I think there is some merit on the youngsters not being able to fish these waters....and don't agree with special regs, allowing the little ones to fish flies only with any gear...It would create a policeing nightmare...

Just my .02

Marc


----------



## beer and nuts (Jan 2, 2001)

Even though most will NEVER admit it, the fly fisherman likes these stretches of river that way--NO KIDS! Its an elite group with an elite way of thinking. Same group that has tried to outlaw the canoe business in certain sections of river from all out bans to time constraints of when YOU can be on the river in an aluminum canoe. Now granted not all fly fisherman think this way and some out there do actually take their kids fishing but its few and far between, the proof is in the waders!


----------



## Molson (Apr 18, 2003)

I guess some are overboard with it. And I guess I'm one of the few, my daughters flip a fly just fine. And ... btw ... we fish a part of that system where any method is legal and have a great time. Come join us in June and bring your garden hackle.


----------



## The Junkie (Feb 23, 2004)

This thread should be moved.


----------



## unregistered55 (Mar 12, 2000)

I've taken my kids flyfishing tons of time all over the Ausable area - N. Branch - Mainstream & South Branch as well as other streams. People I've met with them have always been cool about it. Even offered advice & given flies to my kids thats been my experience. My daughter is 11 now and has been going out with me for several ears as my son did when he was younger and loves it. We bait fish too.
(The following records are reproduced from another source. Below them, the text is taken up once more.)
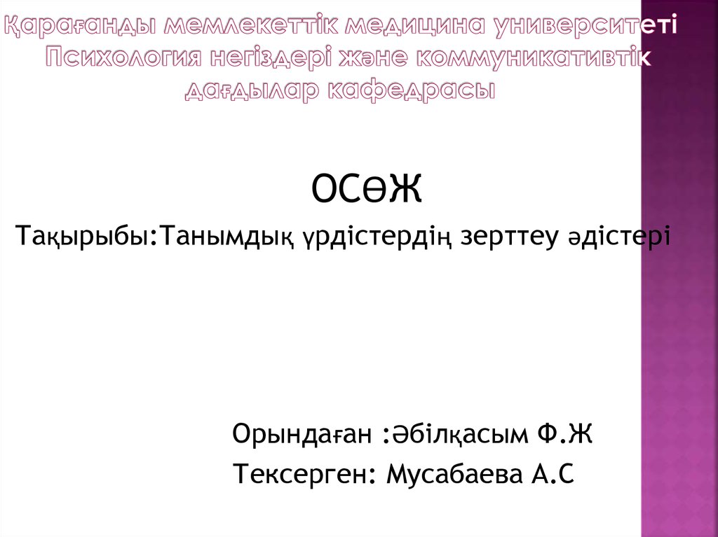 ОСӨЖТақырыбы:Танымдық үрдістердің зерттеу әдістері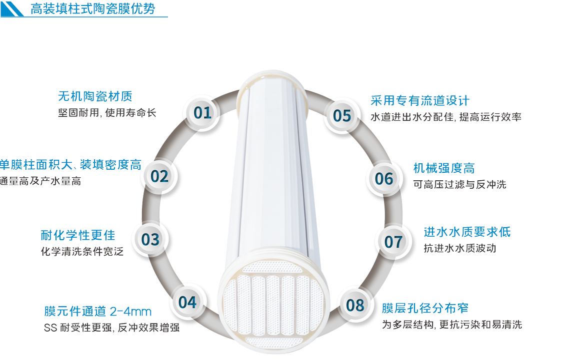 91香蕉视频在线播放高裝填柱式香蕉视频成人是在91香蕉视频在线播放傳統管式香蕉视频成人及平板式香蕉视频成人技術基礎上研製出的一款用於水處理的無機超濾膜。高裝填柱式香蕉视频成人是采用高強度α-Al2O3在高溫下焙燒製成,擁有良好的耐高溫性能,抗化學腐蝕性,優秀的機械強度。相對傳統多通道管式香蕉视频成人,高裝填柱式香蕉视频成人單支膜管過濾麵積可達 10-25 ㎡,擁有更大的裝填密度及處理能力,能夠有效去除固體懸浮物、細菌以及膠體等物質,可應用於民用安全用水、市政給水和廢水處理、應急供水、水回用、工業過程廢水等多個領域。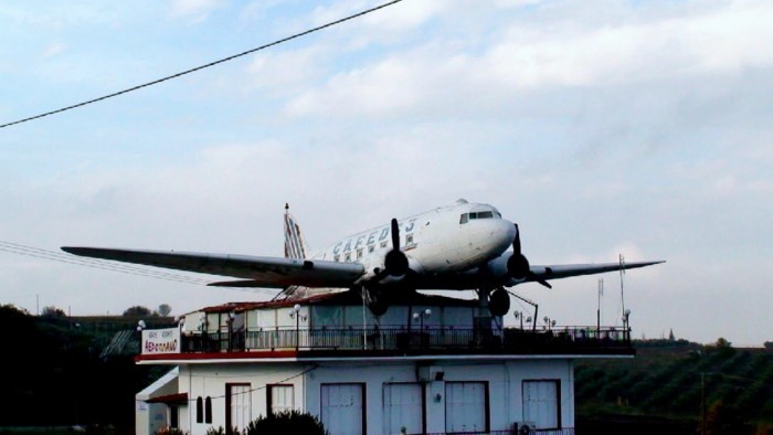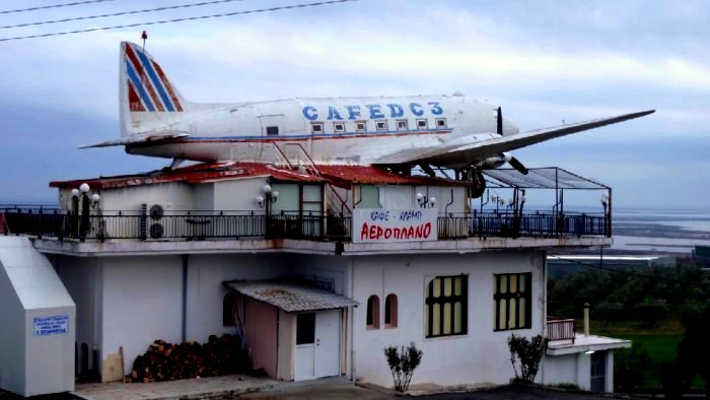 Ήταν στα τέλη της δεκαετίας του ’80 όταν το περίφημο «Καφέ αεροπλάνο» αποτελούσε την αγαπημένη καλοκαιρινή εξόρμηση οικογενειών και ζευγαριών που περνούσαν ώρες ατέλειωτες στο αεροσκάφος που βρέθηκε προσγειωμένο σε ένα διώροφο κτίριο στο 43ο χιλιόμετρο Θεσσαλονίκης – Κατερίνης, στο Αιγίνιο Πιερίας και ορατό από την εθνική οδό.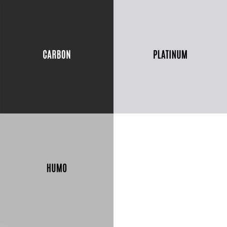 Customizable tables in solid colors: ebano, fossil, slice, polar, carbon, platinum, humo.

Kingfisher if weren't worried about being outfished- why'd you post the thread????. Hmmm..... Thats it for me on this subject. Have a great season see ya's on another thread.


----------



## Kevin (Oct 4, 2000)

The purpose of the thread was for information.
It does not need to be moved; just everyone follow the rules.
Kidding is kidding, but do not get personal, and do not advocate breaking laws.
Thanks for your cooperation.


----------



## kingfisher2 (Mar 22, 2001)

As Amos indicated, the purpose of the thread was to gather information on a part of a river I was not familiar with. Interesting that I received two PM's with information on top of what I got here...thanks for the responses....

Marc


----------